Exercise objective: Every line from the one containing "兩分鐘后費(fèi)蘭凌空側(cè)鉤破門完成雙響,巴薩反超比分,2-1貝蒂斯!" through the end of the listing below must be given again exactly, and nothing else; exclude pictures.

Data provided:

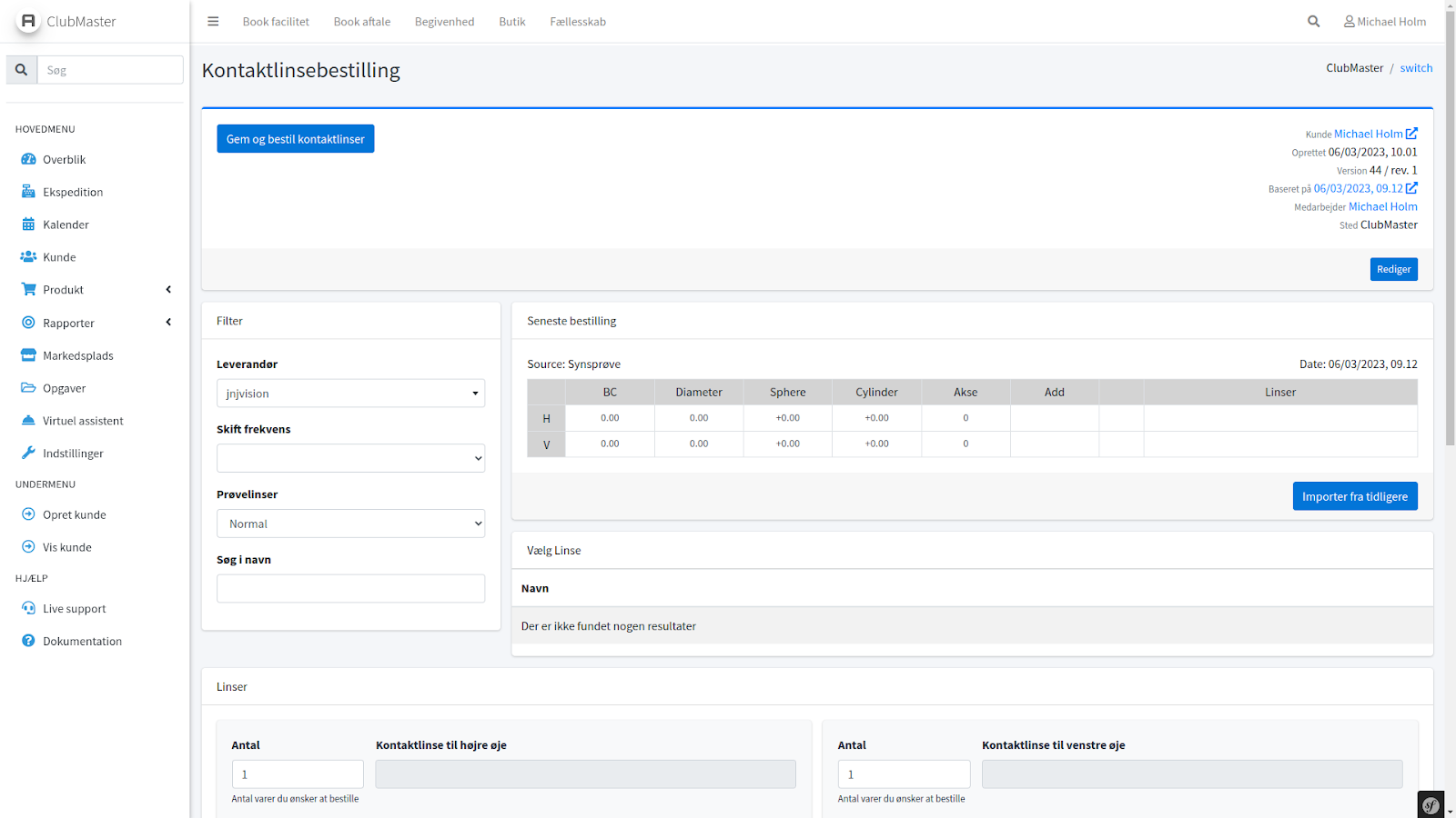 Når du skal have oprettet en glasbestilling, kan du gøre det på samme måde som ved oprettelse af synsprøve. Du skal blot vælge “Kontaktlinsebestilling” i stedet for “Synsprøve”.
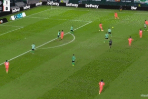兩分鐘后費(fèi)蘭凌空側(cè)鉤破門完成雙響,巴薩反超比分,2-1貝蒂斯!
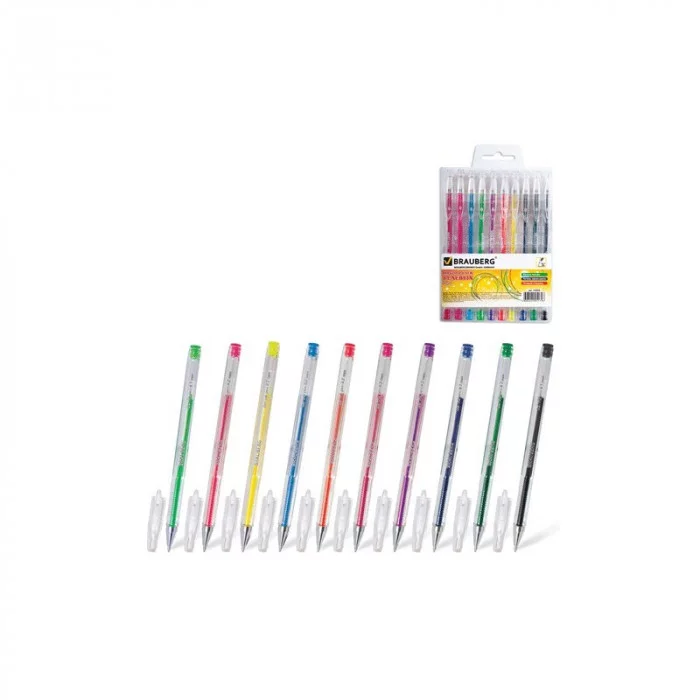 Ручки гелевые BRAUBERG, НАБОР 10шт, Jet, узел 0,7мм, линия 0,5мм, ассорти, 141038

Answer below:
兩分鐘后費(fèi)蘭凌空側(cè)鉤破門完成雙響,巴薩反超比分,2-1貝蒂斯!
 Ручки гелевые BRAUBERG, НАБОР 10шт, Jet, узел 0,7мм, линия 0,5мм, ассорти, 141038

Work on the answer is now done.